Он остановил коляску в переулке рядом с телегой, на козлах которой дремал ванька.

— Слышь, отец, — обратился к извозчику Семен. — Как проехать на Мойку?

Ванька зевнул, протер глаза.

— Откудава? — спросил он первым делом.

— С Москвы. Так как?

— Вот чичас прямо, потом свярнешь, там будя Палицейски мост, а за ним уж Мойка.

— Сворачивать-то налево или направо?

— Ась?

— Налево или направо?

— Туда, блядь, — озлобился ванька, махнув рукой налево. — Дубина московская.

— Спасибо, отец, — засмеялся Семен и ожег коренную кнутом.


Гл. 4 Aiguiser votre khui [1]

Грязную «трешку» (так сказали бы далекие потомки Alexzandera) снял для дяди Bazileyа с племянником Александр Иванович Тургенев, тучный столичный шеголь, которому бы играть Пьера Безухова, когда б в то время придумали синематограф. В отличии от беспокойного искателя правды Безухова (в коем, впрочем, больше авторского толстовства, нежели подлинной характерности), Тургенев плотно стоял на пути порока, нежился в объятиях всевозможных элен, без зазрения совести запуская толстый палец в их благоухающие вагины.

Дядя Baziley с утра и до самого вечера 8 августа 1811 года писал стишки (которые Alexzander считал безнадежной дрянью). Когда старик — слуга зажег свечи, приехал Тургенев.

— Basile Leonovich, à ce jour servir la muse?[2] — весело спросил он у склоненной спины дяди Baziley.

— Affûtage de la plume, M. Tourgueniev, aiguisé stylo[3]. - оглянувшись, пробасил дядя Baziley.

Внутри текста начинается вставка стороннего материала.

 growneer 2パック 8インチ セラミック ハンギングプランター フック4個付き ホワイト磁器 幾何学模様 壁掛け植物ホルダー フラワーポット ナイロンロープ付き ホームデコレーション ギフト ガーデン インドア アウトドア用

Молодой человек прошелся по комнате.

— Tenez, mon cher Basil. Il est temps. Sophia Astafevna, je crois, est maintenant bien aiguiser votre khui.[4]

— Vous croyez?[5]

— Je suis sûr. J'ai entendu dans une institution, un âne nouvelle. Ils disent tellement mignon![6]

— Il s'agit d'une grande![7] — дядя Baziley отбросил в сторону перо и поднялся. Под панталонами у него топорщился мужчина.

Тургенев захихикал.

— Mais, ma chère, il est impossible pour nous de prendre Alexander. Il semble que le garçon s'est réveillé un homme. Tout à l'heure qu'il se masturbait, couché avec moi au lit.[8]

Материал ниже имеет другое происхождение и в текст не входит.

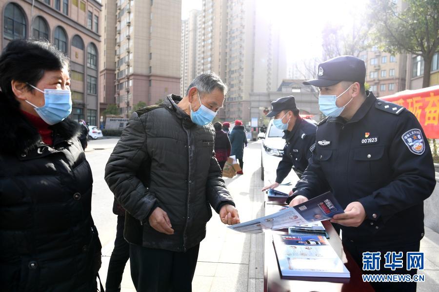 1月10日,合肥市肥西县公安局花岗派出所民警向花岗镇董岗社区的居民介绍防诈骗知识。
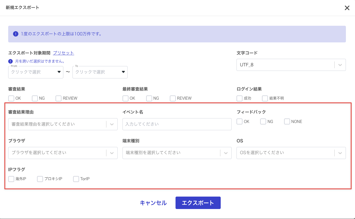 お客様からのご要望を受け、審査エクスポート機能における抽出条件を拡充しました。

Александр Иванович оскалил гнилые зубы.

— Pourquoi, mon cher. Je pense que M. Alexander était déjà temps de manger la pizda.[9]

— Эй, дражайший, — перейдя на русский обратился к слуге дядя Baziley. — Позови-ка барчука.

— Позови-позови, — бурча под нос, старик поплелся из комнат. — Он, небось, дрыхнет, из пушки не добудишься.

Василий Львович повернулся к молодому развратнику.

— Pussy — chatte, — сказал он недовольно. — Vous n'êtes pas fatigué, mon garçon, le trou d'une femme? Est-il temps d'essayer quelque chose de nouveau?[10]

— Qu'est-ce-, par exemple?[11] — крысиные глазки Тургенева заблестели.

— Eh bien, disons que aimait tant d'Achille[12]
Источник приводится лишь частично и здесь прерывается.